With an expansion of the First Home Guarantee scheme to soon come into effect, the consequences of government policies on the property market should be thoroughly examined.
The Smart Property Investment Show host Liam Garman sat down with Results Mentoring directors Simon Buckingham and Brendan Kelly to unpack potential repercussions of government schemes on the property market, including the First Home Guarantee scheme.
This scheme allows first home buyers to purchase a property with just a 5 per cent deposit, and avoid paying a lenders mortgage insurance (LMI).
The upcoming expansion of the scheme will lift income caps and scrap limits on the number of people who can use it, meaning all first home buyers will be eligible.
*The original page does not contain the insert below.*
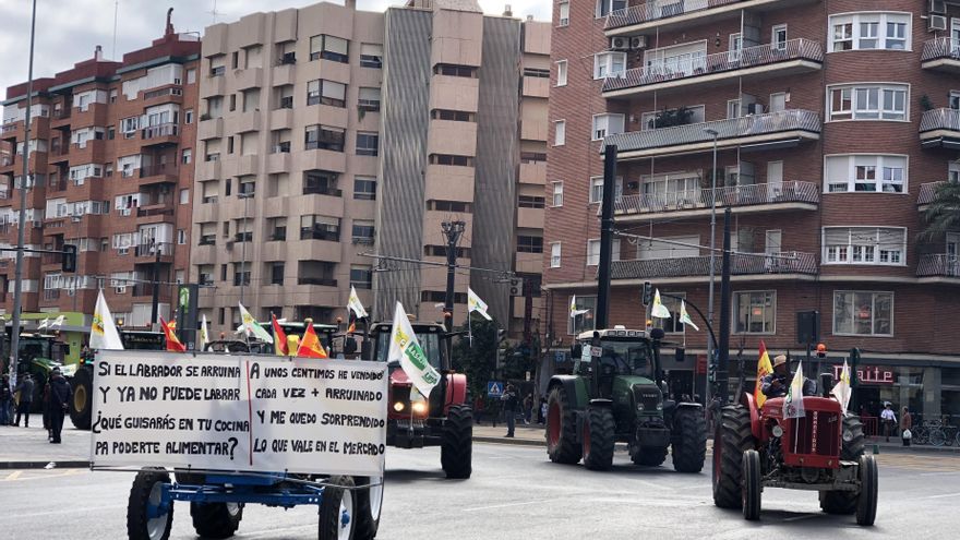 Los manifestantes han recorrido las calles del centro de Murcia tras una pancarta en la que se ha podido leer el lema: “Si el labrador se arruina y ya no puede labrar, ¿qué guisarás en tu cocina para poderte alimentar? A unos céntimos he vendido, cada vez más arruinado, me quedo sorprendido de lo que vale en el mercado”.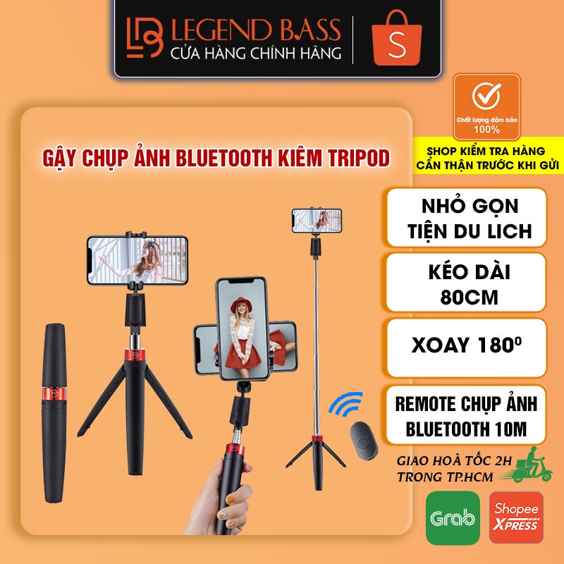 Giới thiệu [HOT] Gậy Selfie Bluetooth Chống Rung Cao Cấp | Tripod Điện Thoại Mini Có Chân Đỡ, Trục Xoay 360 Độ Legend

While the revised scheme will be welcomed by many home buyers, Buckingham said its repercussions are likely to be similar to original home owners’ grants, which had a “stimulating effect” on the market.
“There have been studies done on their first home owner grants that happened since 2000 onwards, that suggested that each time something like that was introduced, it translated to something like a $50,000 increase in property prices,” he said.
Kelly said one major impact of the First Home Guarantee scheme is that it would allow for an enormous number of properties to be available to first home buyers.
“The model around that, as I’ve read it … is that they looked at the median prices in the suburbs in the cities for houses, and the median prices in the cities for units,” he said.
“And they’ve said, well, based on that we want another 10 or 20 per cent, typically 10 per cent above that median at the time of creating this file.
“So basically 60 per cent of all dwellings right across the country are available to be purchased by first home buyers with this scheme. Now that is a phenomenal volume of houses in this country that first home buyers can get into.”
Buckingham noted that the scheme can be used in conjunction with existing grants or stamp duty concessions available, adding to the number of first home buyers who would be able to access the market.
“If I was a first home buyer … as long as I can qualify to service the 95 per cent loan, I only need $40,000 and nothing more to buy an $800,000 home in, in around Sydney or Newcastle for example, or anywhere in, in New South Wales for that matter,” he said.
“So that’s phenomenal in terms of the number of first home buyers who can now access the market.
“Ignoring the equity sharing side of things in Queensland, due to the first home buyer grants, which are $30,000 and duty concessions, a first home buyer could theoretically buy a brand new $600,000 home with $0 down because the first home grant of $30,000 would be the 5 per cent.”
Buckingham said that as a result of more first home buyers accessing the market, in conjunction with falling interest rates, rising borrowing capacity and individual states’ first home buyer incentives, demand will rise across the market.
“If you are bringing forward a whole lot of first home buyer demand that otherwise would have been spread out over months or even years as people saved up deposits … you bring forward their buying decision,” he said.
“You probably also see a little bit of a lull at the back end of this year.”
As an additional effect of the scheme, Kelly said that prices could be driven up in more expensive suburbs.
He said the lower 25 per cent and and middle 50 per cent of suburbs are most likely to be affected by the scheme and see the most growth.
“If most of the aggression towards buying occurs in those suburbs, you’re going to find … those owners in those values who are more cashed up, more borrowing capacity, more established, go, ‘You know what, now is the time I need to sell because I want to upgrade’.”
“If it is that the more expensive suburbs are not getting the same level of growth or burn rate for urgency, you’ll see people moving from this hot pocket of values into cooler but more expensive pockets, and therefore drive prices up in the more expensive suburbs over time,” he concluded.